As part of their efforts towards enhancing the reduction of infant mortality in the country, Rotary Club of Freetown in collaboration with Palmborbar Rotary Club USA, with support from International Rotary Fellowship of Healthcare Professionals, has on Sunday 15th January, 2022 launched a training program for nurses on Helping Babies Breathe worth 43,000 dollars. During the ceremony 71 birth attendants were trained and certified on Helping Babies Breathe.
The launching of the Helping Babies Breathe Program, that will target seven (7) districts in the country, was held at the College of Medicine and Allied Health Sciences (COMAHS), Connaught Campus in Freetown.
Speaking to this medium, the President Elect of Palmborbar Rotary Club USA, who also doubles as a member of Healthcare Sierra Leone USA INC, Pastor Charlotte Israel, described the training as an avenue that will make the difference within the health sector, adding that the Helping Babies Breathe Program is geared towards enhancing the reduction of infant mortality in the country.
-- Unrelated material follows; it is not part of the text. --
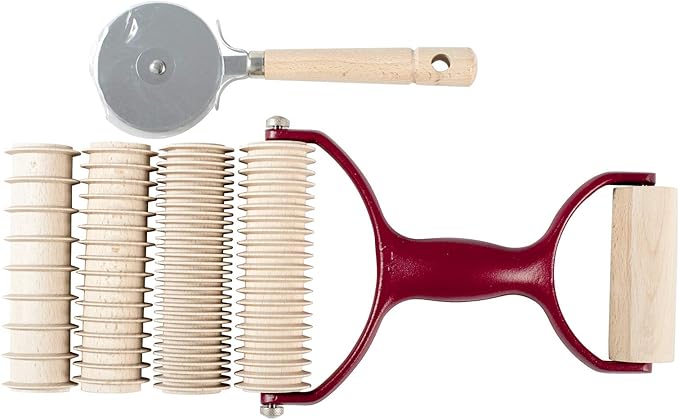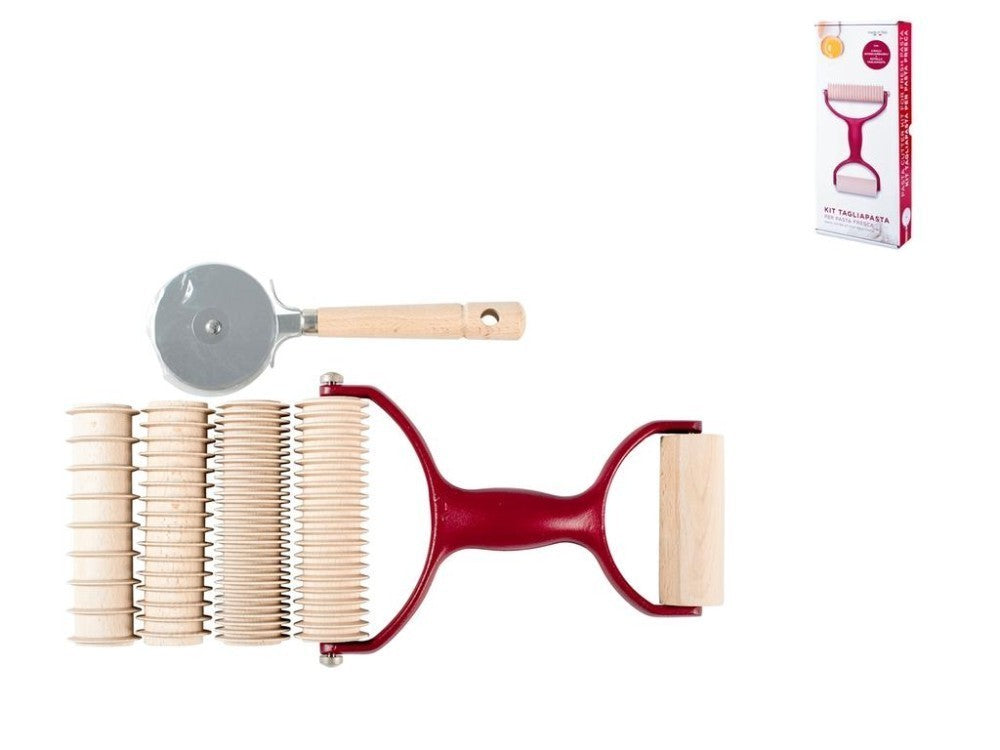Pasta cutter with cast/enameled aluminum handle, equipped with 5 rolls in beech wood: 4 interchangeable rollers prefabrication spaghetti, pasta, fetuccine and pappardelle; 1 fixed roll to place the noodle cutter with flat stainless steel blade and wooden handle.Β

She maintained that the infant mortality rate in the country is considered as one of the highest in the world and that 30 percent of babies die on the very first day they are born due to lack of skilled birth attendants.
Pastor Charlotte Israel pointed out that in that regard the Helping Babies Breathe Program is targeting midwifes and everyone within the birthing environment in seven (7) districts in the country in order to train healthcare professionals.
She said that the Helping Babies Breathe Program if it is implemented well will reduce the country’s infant mortality rate to about 50 percent, continuing that as part of the program they will be coming to Sierra Leone to do refresher courses and to also provide equipment for all the centers so they can do the classes for themselves.
She disclosed that during the launch of the Helping Babies Breathe 71 birth attendants were trained and certified on Helping Babies Breathe and that similar training will be held in other parts of the country.
Rugiatu Jiakete Kabba, a Midwife Student at the College of Medicine and Allied Health Sciences (COMAHS) and one of the beneficiaries of the Helping Babies Breathe training expressed appreciation to Rotary Club for organizing the training which she described as very important towards mitigating infant mortality in the country.
She said the training has empowered them with the requisite knowledge in order to help every child given birth to within hospitals, whether breathing or not, survive and not die.
Rugiatu, on behalf of her colleagues, assured them that they will put into practice all what they have learnt during the training in order to address the issues of Infant Mortality in the country.